Prompt:
Once you find the line with "Luxury Dubai Evening" in the entries below, print it and each line after it up to and including the line with "本次活动按照人员安排情况,在", exactly, without pictures.
--
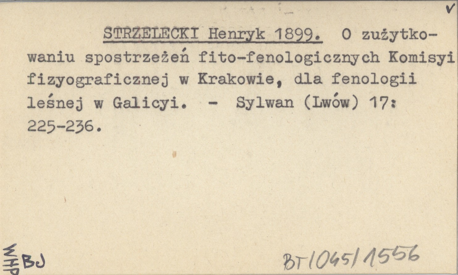 STRZELECKI Henryk 1899 O zużytkowaniu spostrzeżeń fito-fenologicznych Komisyi fizyograficznej w Krakowie, dla fenologii leśnej w Galicyi.
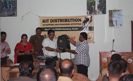 Shendurney Wildlife Sanctuary, June 6, 2014: To augment anti-poaching work in Shendurney Wildlife Sanctuary, Kerala, Wildlife Trust of India (WTI), through a Rapid Action Project (RAP) supported by CAF India and Lightorati, provided 61 field kits as well as four tents for the forest staff and anti-poaching watchers of the Wildlife Sanctuary.
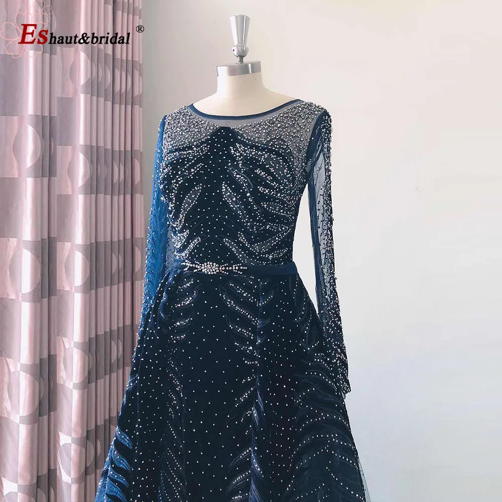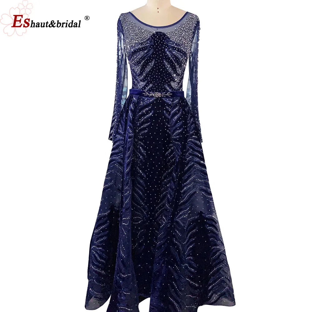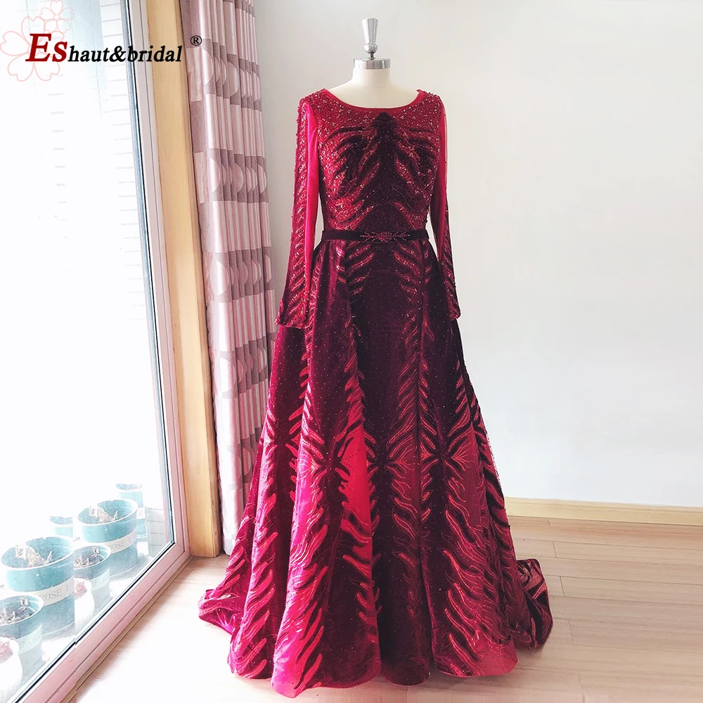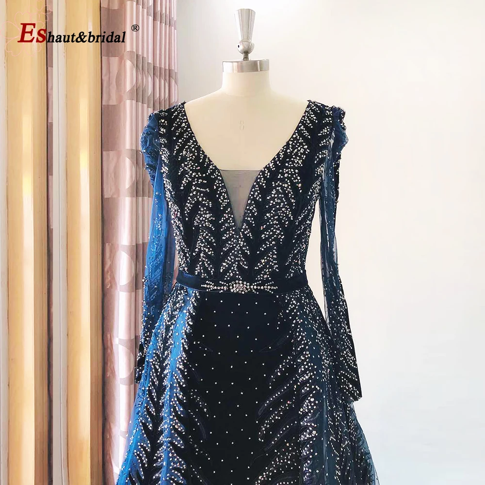 Luxury Dubai Evening Dress Mermaid 2020 V-Neck Long Sleeves Velvet Crystal Handmade Arabic Plus Size Formal Prom Party Gowns
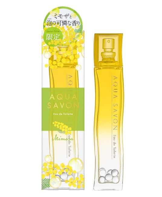 『ミモザと泡(シャボン)の可憐な香り』は、透明感のあるみずみずしいグリーンフローラルからやさしく上品なミモザをイメージしたフローラルへと表情を変える、春らしさを楽しめる香りとなっています。「アクア シャボン」ならではの、清潔感のあるシャボンの香りが調和した春季限定の香りです。
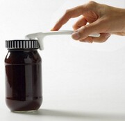 + Hij opent bokalen met schroefdeksels,
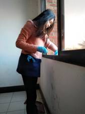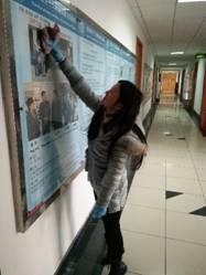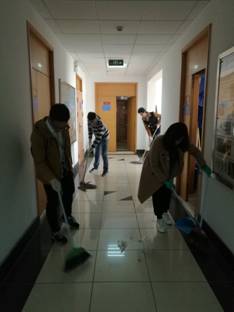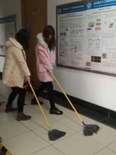 本次活动按照人员安排情况,在3月2日和3月3日两天内展开。3月2日中午12:15,同学们在跃进楼正门准时集合。在班委的有序组织下,很快确定了跃进楼二、三楼层的劳动分工和劳动工具的分配,明确了劳动任务的同学们也立即行动起来。大到橱窗、消防栓,小到踢脚线、门禁开关等小角落,同学们都一一进行了细致的清扫。
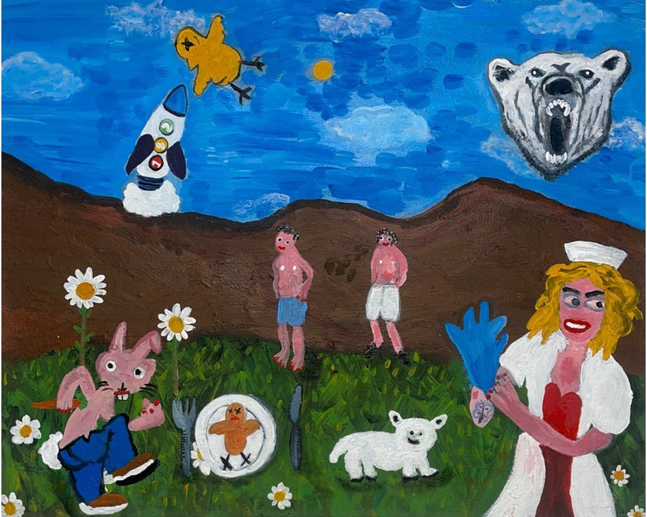 The choice of a direct, almost primary pictorial language reinforces this ambiguity. There is no pursuit of technical virtuosity or formal sophistication. The painting asserts itself through frontal presence, through a kind of urgency to say something before it disappears. This economy of means does not impoverish the discourse; on the contrary, it concentrates it. Each figure seems to be there because it cannot be otherwise.
--
The answer:
 Luxury Dubai Evening Dress Mermaid 2020 V-Neck Long Sleeves Velvet Crystal Handmade Arabic Plus Size Formal Prom Party Gowns
 『ミモザと泡(シャボン)の可憐な香り』は、透明感のあるみずみずしいグリーンフローラルからやさしく上品なミモザをイメージしたフローラルへと表情を変える、春らしさを楽しめる香りとなっています。「アクア シャボン」ならではの、清潔感のあるシャボンの香りが調和した春季限定の香りです。
 + Hij opent bokalen met schroefdeksels,
 本次活动按照人员安排情况,在3月2日和3月3日两天内展开。3月2日中午12:15,同学们在跃进楼正门准时集合。在班委的有序组织下,很快确定了跃进楼二、三楼层的劳动分工和劳动工具的分配,明确了劳动任务的同学们也立即行动起来。大到橱窗、消防栓,小到踢脚线、门禁开关等小角落,同学们都一一进行了细致的清扫。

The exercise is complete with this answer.